# Bridgestone Turanza Update



## captaintruckee (Dec 31, 2006)

First, I want to thank everyone who reads and posts helpful information on this forum. With out all of you I would not have been directed to the Turanza service bulletin and my dealer would not have told me either. So here is the link again for anyone who is having problems with this tire.

http://www.bmwtis.com/tsb/bulletins/bulletin_graphic_temp/B360606g.htm

Over the summer I took our '07 328xi in because of the abnormal wear and tire noise on the Turanzas. They replaced them at a prorated cost (ended up being about $340) because we had almost 19k on them. I would have purchased them at the tire rack, but the cost and hassle did not justify that (I hate giving the Reno, NV dealer any business unless I have to).

They were replaced with the same tire (I was told that Bridgestone had a bad batch on the previous tires). So I said ok fine (what choice did I have).

Well, I went back after 14K on the next set of "improved" Turanzas. Same loud noise and abnormal wear. Dealer said it was out of balance and charged my wife $60 for balancing . Well that didn't fix it of course. So it went back in and the service rep. wanted to due the same thing as the first time.. prorate them and replace them. I blew a gasket to say the least. Between my claims of fraud, and threat to go to the Better Business Bureau, they refunded the $60 balancing fee which I requested and said they would talk to BMWNA regarding a resolution. That was over a week ago and still no reply.

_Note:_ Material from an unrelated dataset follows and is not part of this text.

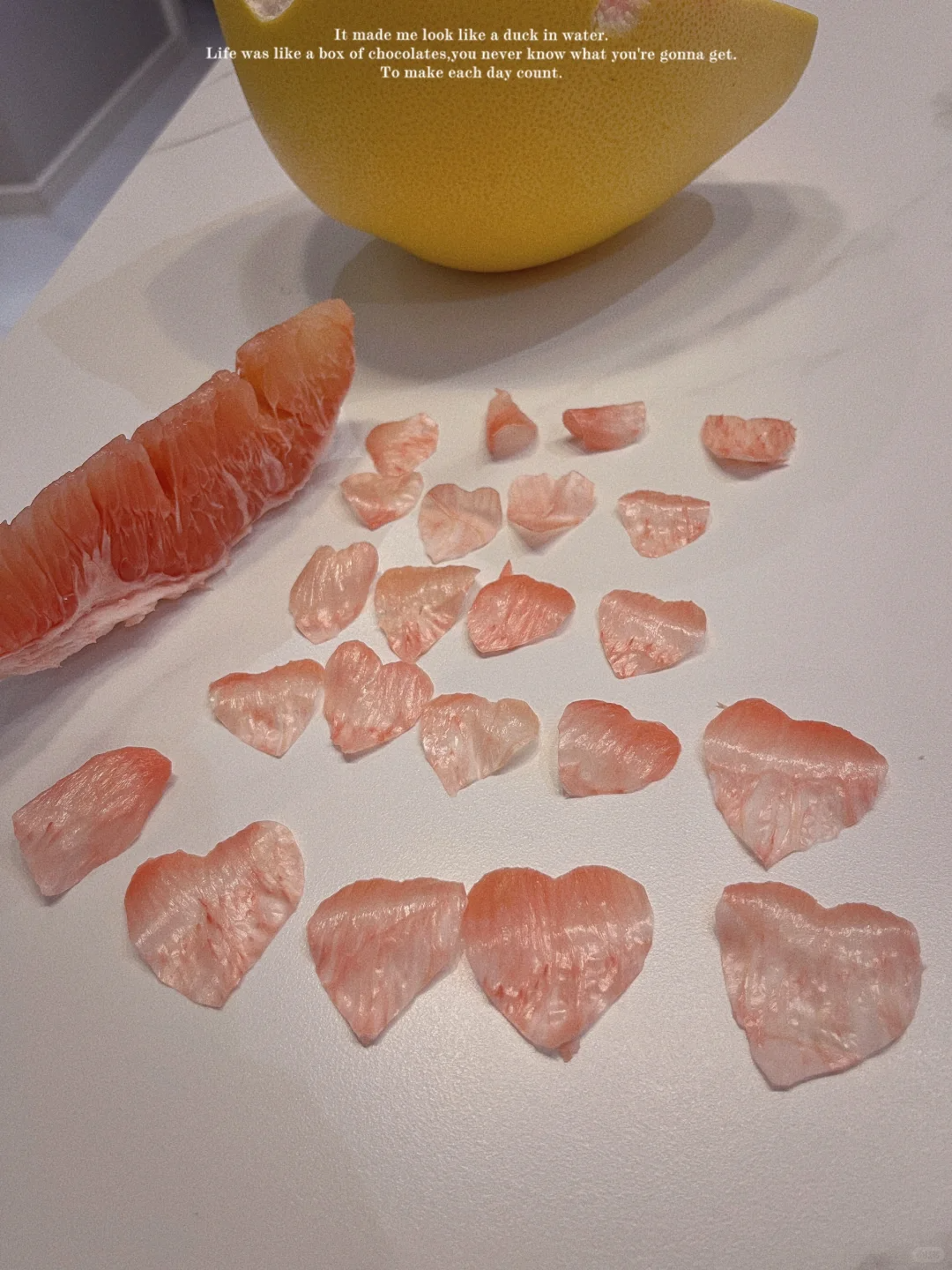 在吃这种红心柚子的时候,可以将柚子上面薄薄的一层皮留下来,然后制作手工玫瑰花,制作好的手工柚子皮玫瑰花,栩栩如生,跟真花一样,放在家里,赏心悦目。

So before I get on the phone to follow up and get my blood pressure good and high, has anyone had any real resolution regarding these obviously defective tires? What was the resolution and how did you go about getting it?

At 30K I would not have minded replacing the tires as that is getting up there in mileage. But at 19K and still having to pay over $300 and then having them fail again at 14k on new ones.. well that is simply unacceptable.

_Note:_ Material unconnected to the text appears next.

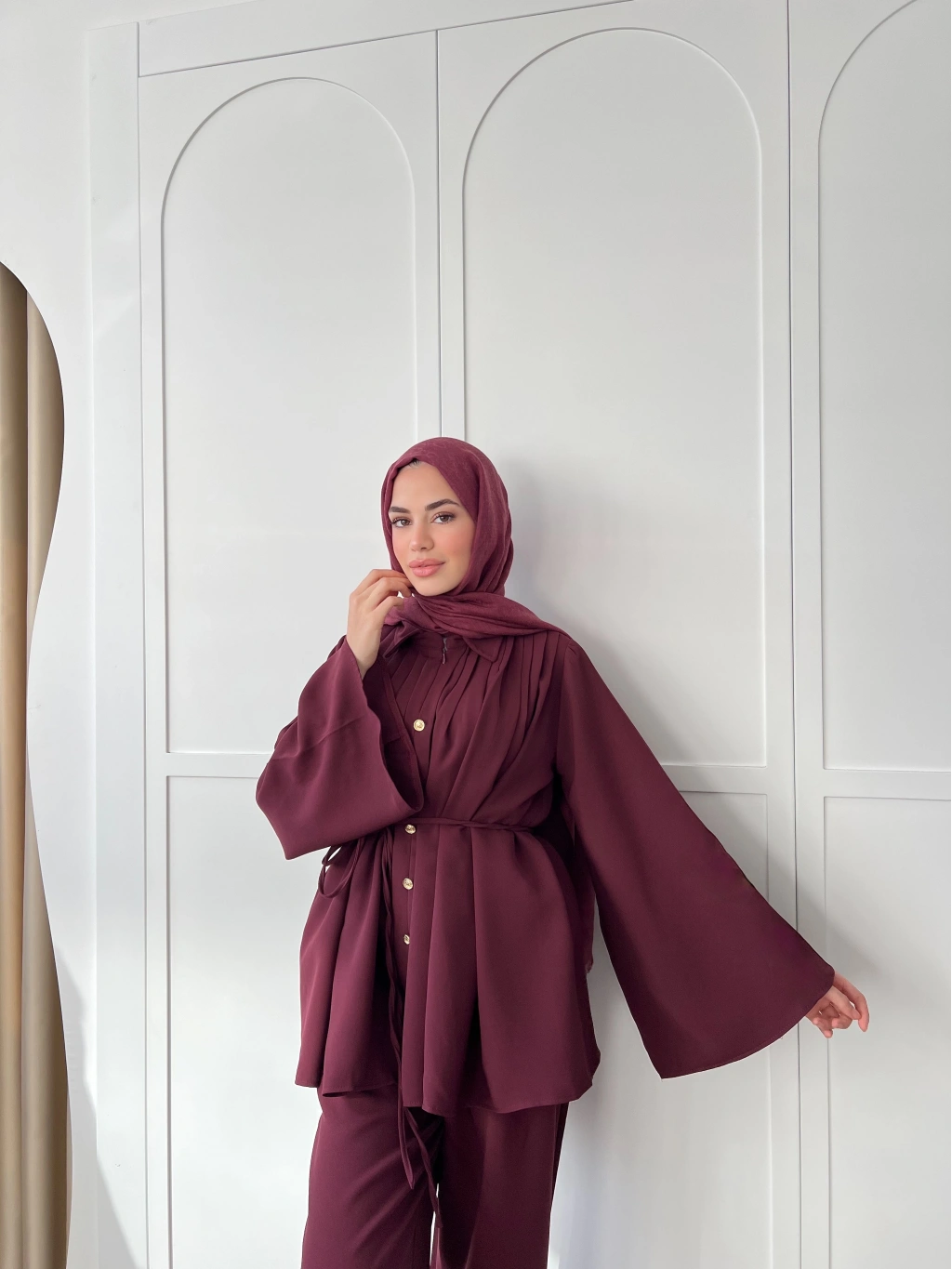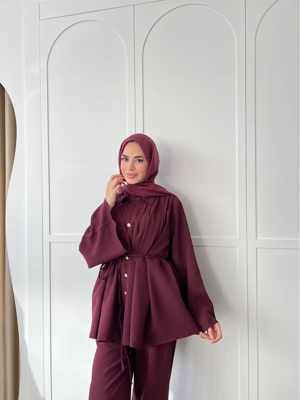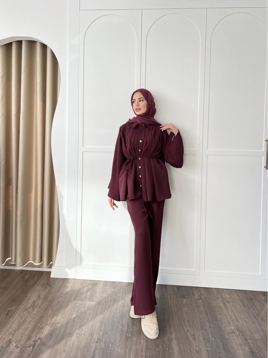 Oya Düğmeli Takım -bordo

Thanks in advance for any new information!


----------



## ronaries (Feb 9, 2008)

*turanza EL42 tires*

I have these tires on my 2005 Acura TL. If it is of any interest, there is a wealth of information - and complaints - about this tire on the acura tl board of edmunds. 
Many acura owners specified the Michelin Pilots as anupgrade alternative to the turanza's once the problems became known (unfortunately, I didn't know about this then!). 
The problem was worst witht the 2004 cars - later, Bridgestone claims they modified the tire and the problems diminished. The problem which I have experienced with the acura tires are poor treadware and the sensation of a loss of grip or wandering occasionally.
Several original owners were able to get replacement of their tires free from Bridgestone. information on this is on the website referenced.
Good luck.


----------



## equ (Aug 11, 2004)

Sorry but that's the campaign... I think offering 50% off for 10k to 20k is fair. If you don't want these tires, put other ones on. Getting the balance fee back is fine but asking for more... Think of all the people (and they are there) who threw out their turanzas before the campaign came out. SOL, they didn't get a single cent.

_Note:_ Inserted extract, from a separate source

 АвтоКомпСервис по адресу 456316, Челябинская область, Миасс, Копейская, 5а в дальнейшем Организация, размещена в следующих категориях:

I bought my 330xi when it just got a new set at 15k (at 50% off). Now at 20k, things are jolly. If it wears out by 30k, then I'll just get a set of pirelli, b-stone or g-year non-rfts. :dunno:


----------



## captaintruckee (Dec 31, 2006)

The sad fact is that these same tires are 1/4 the cost if purchased through tire rack as compared to the dealer.

Anyhow, they ended up replacing the second set for no charge. So for about $400 we are on our 3rd set of Turanzas at almost 40K and have almost a new set of tires at the moment. Im happy to pay for prorated mileage, but when they replace one crappy tire set with the same crappy tire set and charge me for an obviosly defective tire I have an issue. Took some serius threats to get satisfaction.


----------



## alexbeemer (Sep 8, 2008)

*Tire wear and noise - service bulletin*

I am very grateful to previous posters as well.

My Bridgestone Runflat Turanzas started making noise months ago at about 15K;
I thought it was my new hearing aids !

Just made a service visit and was shown bald shoulders on a couple of tires and
bad wear on others, dealer plans to sell me Continentals.

I will show him the service bulletin tomorrow and let y'all know how it turns out.

Thanks, Alex in VA


----------